Наивные, сентиментальные излияния, типичные для просвещенного молодого человека 1770-х годов. Судя по этому и некоторым другим документам, наследник не склонен к цинизму и таким образом уже бросает известный вызов весьма развращенному екатерининскому двору.

Родившийся 20 сентября 1754 года сын Петра III и Екатерины II, казалось бы, имел немало прав занять со временем российский престол: как правнук Петра Великого, как мужской представитель династии в противовес частому «женскому правлению»; однако закон о престолонаследии, принятый Петром I, позволял царствующему назначить наследника по своему выбору. Задуманный как усиление прав самодержца, этот принцип в русском политическом контексте XVIII века обратился в свою противоположность, увеличил шансы разных претендентов на престол и обострил борьбу за власть. Одним из элементов той борьбы была разнообразная дискредитация конкурентов, распространение компрометирующих «династических слухов». Еще в раннем детстве Павел Петрович многое увидел и еще более – услышал.

Слух о том, что отцом его был не Петр III, а граф Салтыков, позже осложняется легендой, что и Екатерина II не была матерью великого князя (вместо рожденного ею «мертвого ребенка» будто бы доставили по приказу Елизаветы Петровны грудного «чухонского» мальчика). Происхождение этих версий – плода сложных политических интриг и дворцовых тайн – затронуто в литературе (Эйдельман, с. 161–192); крупнейший знаток потаенной истории и литературы XVIII века Я. Л. Барсков полагал (сопоставляя разные редакции «мемуаров» Екатерины II), что царица сознательно (и успешно!) распространяла версии о «незаконности» происхождения своего сына.
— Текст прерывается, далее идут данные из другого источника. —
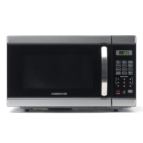 Farberware Countertop Microwave 1000 Watts, 1.1 Cu. Ft. – Microwave Oven With LED Lighting and Child Lock – Perfect for Apartments and Dorms – Easy Clean Stainless Steel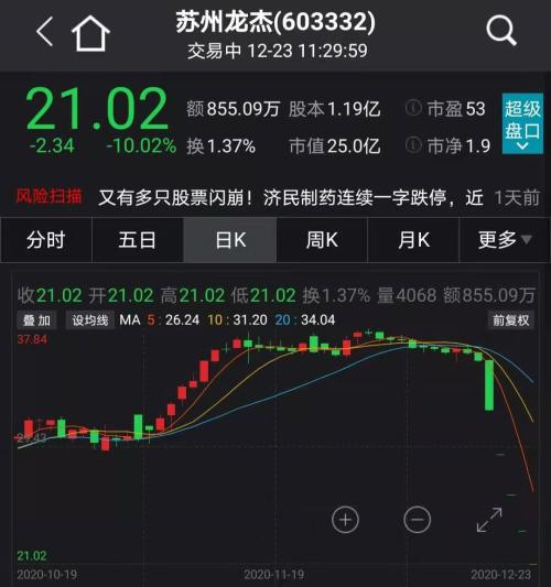 自12月16日突然跳水跌停起,济民制药便开启暴跌模式,在最近6个交易日内皆以跌停价收盘,股价腰斩。但是在这几个交易日里,仍有不少游资试图撬板,结果均已失败告终。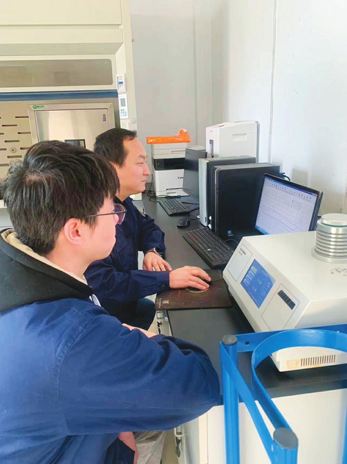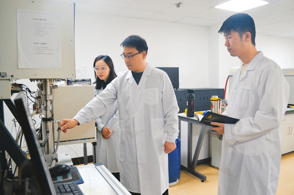 ③中北大学冯永安教授在实验室指导团队成员分析物质特性。 本报通讯员摄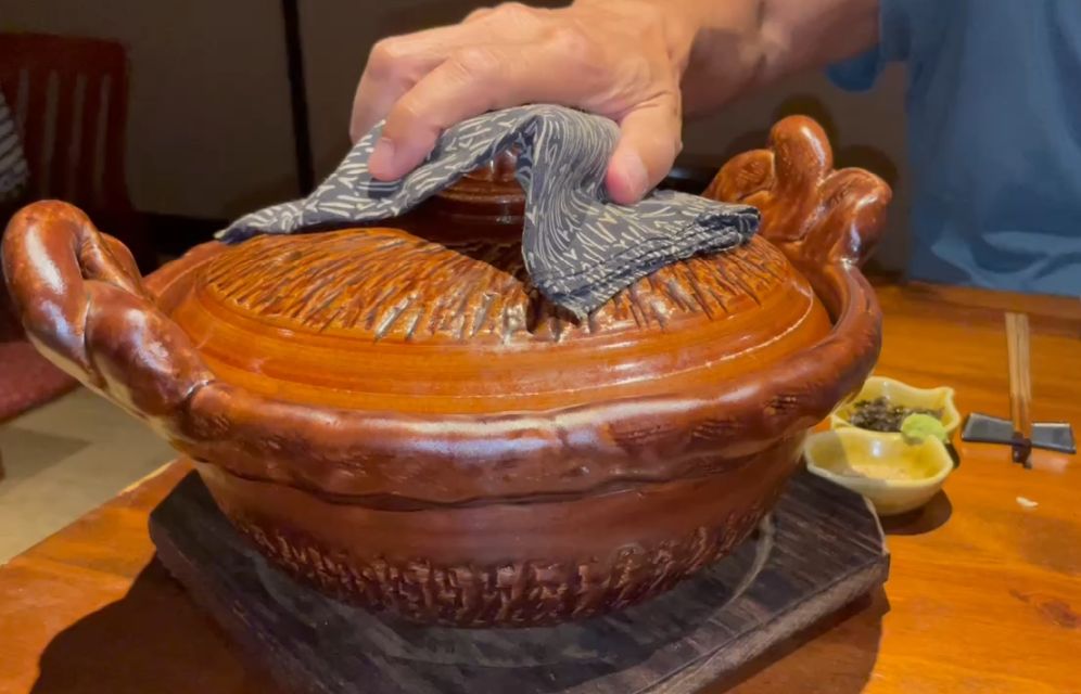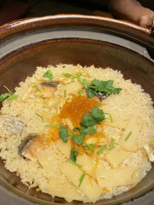 On top of the rice are Bamboo shoots are a classic addition to add a crunchy texture, while the salmon roe (ikura) provides a burst of salty, briny flavor that seasons the rice perfectly. One of the best parts of this dish is the okoge, the thin layer of crispy, caramelized rice that forms at the bottom of the clay pot.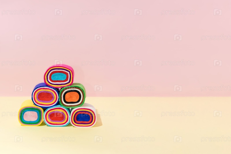 Креативные абстрактные свитки суши плоский лежит на пастельно-розовом и желтом фоне минимализм с копированием пространства

Таким образом, ее сомнительные права на русский престол повышались, адюльтер маскировал цареубийство.

Я. Л. Барсков находил (вслед за Е. С. Шумигорским), что наиболее «вероятными» родителями Павла I были все же Петр III и Екатерина II (ЛБ, ф. 369, 375.29, л. 5).

Восьмилетний Павел был свидетелем дворцового переворота 1762 года, когда его мать отобрала власть у отца.

Автору этих строк пришлось видеть в Центральном государственном архиве древних актов и показывать коллегам документы из секретной папки Екатерины II (ЦГАДА, р. 1, № 25), документы, отчасти известные (см. Бильбасов, II) и потому мало кем изучаемые de visu. А напрасно. Две записки Петра III, где он молит победительницу-супругу о пощаде: круглый детский старательный почерк – возможно, писалось на каком-нибудь ропшинском барабане – и подписано унизительным «votre humble valet» (преданный Вам лакей) вместо «serviteur» (слуга); здесь же третий документ – веселая, развязная записка пьяным, качающимся почерком Алексея Орлова, адресованная «матушке нашей Всероссийской»: «…урод наш очень занемог» и как бы «сегодня не умер».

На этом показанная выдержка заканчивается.